A principios de la década de 1960, Anderson utilizó el concepto de ruptura espontánea de simetría para explicar por qué un superconductor, un material que transportará electricidad sin resistencia si se enfría lo suficientemente cerca del cero absoluto, expulsa un campo magnético. Al hacerlo, demostró que un fotón se volvería masivo dentro de un superconductor. Solo 1 año después, el teórico británico Peter Higgs desarrolló esa idea en un poco de teoría que, en última instancia, se ha convertido en la explicación de los teóricos de las partículas sobre cómo todas las partículas fundamentales obtienen su masa de las interacciones con el vacío. (Sí, la teoría postula que el vacío es de una manera muy abstracta como el interior del superconductor.) Por lo tanto, Anderson estuvo a solo unos pasos de inventar el mecanismo de Higgs y la partícula que lo acompaña, el bosón de Higgs, dice Piers. Coleman, teórico de la Universidad de Rutgers, Nuevo Brunswick.

Más tarde, Anderson afirmó haber resuelto otro misterio: los superconductores de alta temperatura. A fines de la década de 1980, los experimentadores descubrieron una clase de materiales complejos que contienen cobre y oxígeno y pueden superconducirse a temperaturas muy superiores a las predichas por la teoría convencional de la superconductividad. Anderson propuso rápidamente su propia teoría, llamada teoría de enlace de valencia resonante, que según él explicaba el fenómeno. Sin embargo, otros encontraron la idea poco convincente, un teórico prominente la calificó de “mierda bastante vaga”, y el enigma de la superconductividad a altas temperaturas sigue sin resolverse hasta el día de hoy.

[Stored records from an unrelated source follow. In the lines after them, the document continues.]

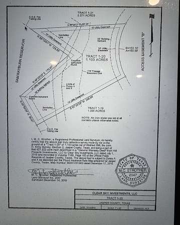 Tract 1-20 of 1.103 acres out of Abstract 896, the JohnKirby Survey, Section 2, Jasper County Texas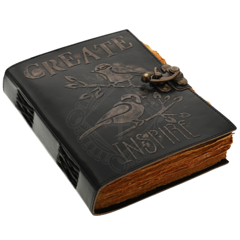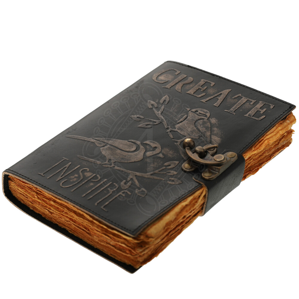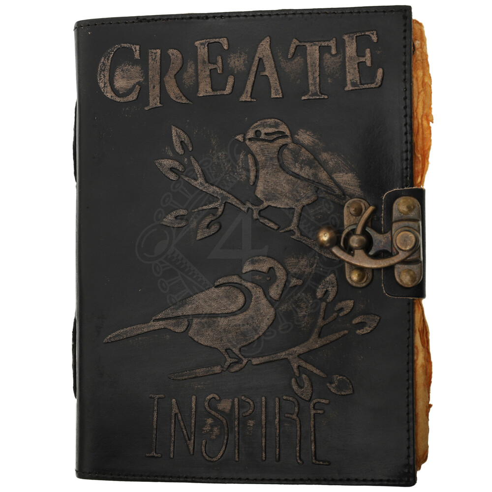 Notizbuch aus Leder mit geprägter Aufschrift Create Inspire und handgeschöpftem Papier
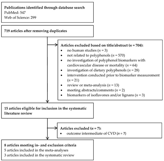 Two authors (JR and JB) independently screened the titles and abstracts of the publications. A third acted as a moderator (UN), to remove any discrepancies. Articles were retained for review if the following inclusion criteria were met: (1) investigation of multiple, adjusted associations between polyphenol biomarker(s) and CVD risk or mortality; (2) use of an observational study design; (3) the study involved humans; and (4) the study was published in a scientific journal (conference abstracts and comments were excluded).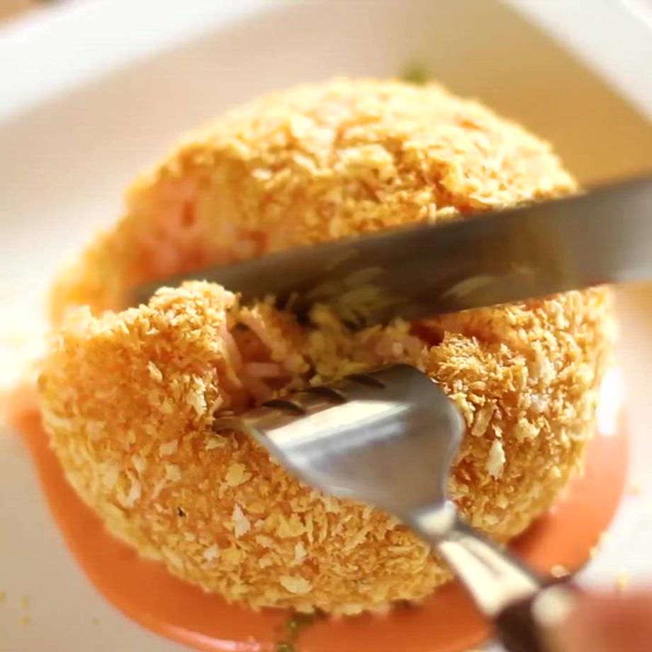 お弁当にも使えるレシピ! ライスコロッケは、外はサクサク!中はトロ〜リ♡ 揚げる必要もなくヘルシーに召し上がれます。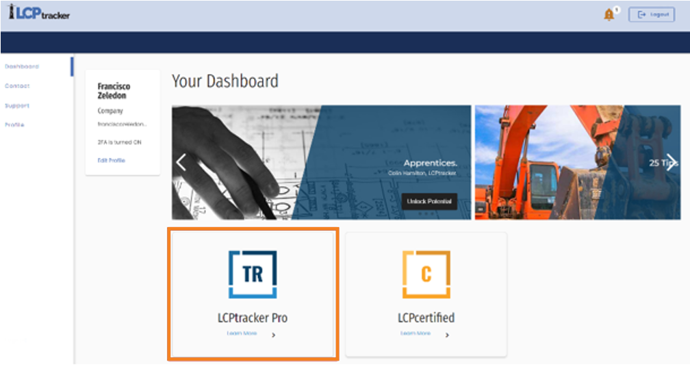 You will then be redirected to the User Portal Dashboard. You can click on the LCPtracker Pro tile to access your account.

Aunque los esfuerzos de Anderson se extendieron por muchos campos, compartieron una base conceptual común, dice Coleman. A mediados de la década de 1900, muchos físicos emplearon un enfoque reduccionista extremo que asumía que el problema se resolvía una vez que se había identificado el componente más fundamental del sistema y se habían caracterizado sus interacciones, una táctica ejemplificada en la física de partículas. En contraste, Anderson expuso el concepto de emergencia, que afirmaba que a medida que cualquier sistema crecía, podían surgir nuevos fenómenos, como el antiferromagnetismo y la superconductividad, que no podían predecirse a partir de las interacciones fundamentales. “Hay que verlo como quien hizo estas tremendas contribuciones científicas, pero también que tiene este punto de vista filosófico que fue tremendamente poderoso”, dice Coleman.

Durante su larga carrera, Anderson se ganó la reputación de ser combativo y, a veces, hacer que las disputas científicas sean personales. “No tenía miedo de una pelea, incluso cuando estaba equivocado”, dice Norman. Ese enfoque probablemente surgió de los años de Anderson en los famosos Laboratorios Bell, donde Anderson trabajó desde 1949 hasta 1984 y donde reinaba una cultura de brutal honestidad y combatividad. Norman recuerda una púa particularmente aguda que Anderson lanzó una noche. “Fuimos a cenar y alguien cometió el error de preguntarle a Phil qué pensaba de su teoría”, dice Norman. “Phil lo miró y dijo:” No mucho “”.

Pero Anderson también fue amable con sus estudiantes y colaboradores, dice Coleman, quien fue el estudiante graduado de Anderson entre 1980 y 1984. “Fue extremadamente dulce con sus alumnos y presionó mucho por ellos”.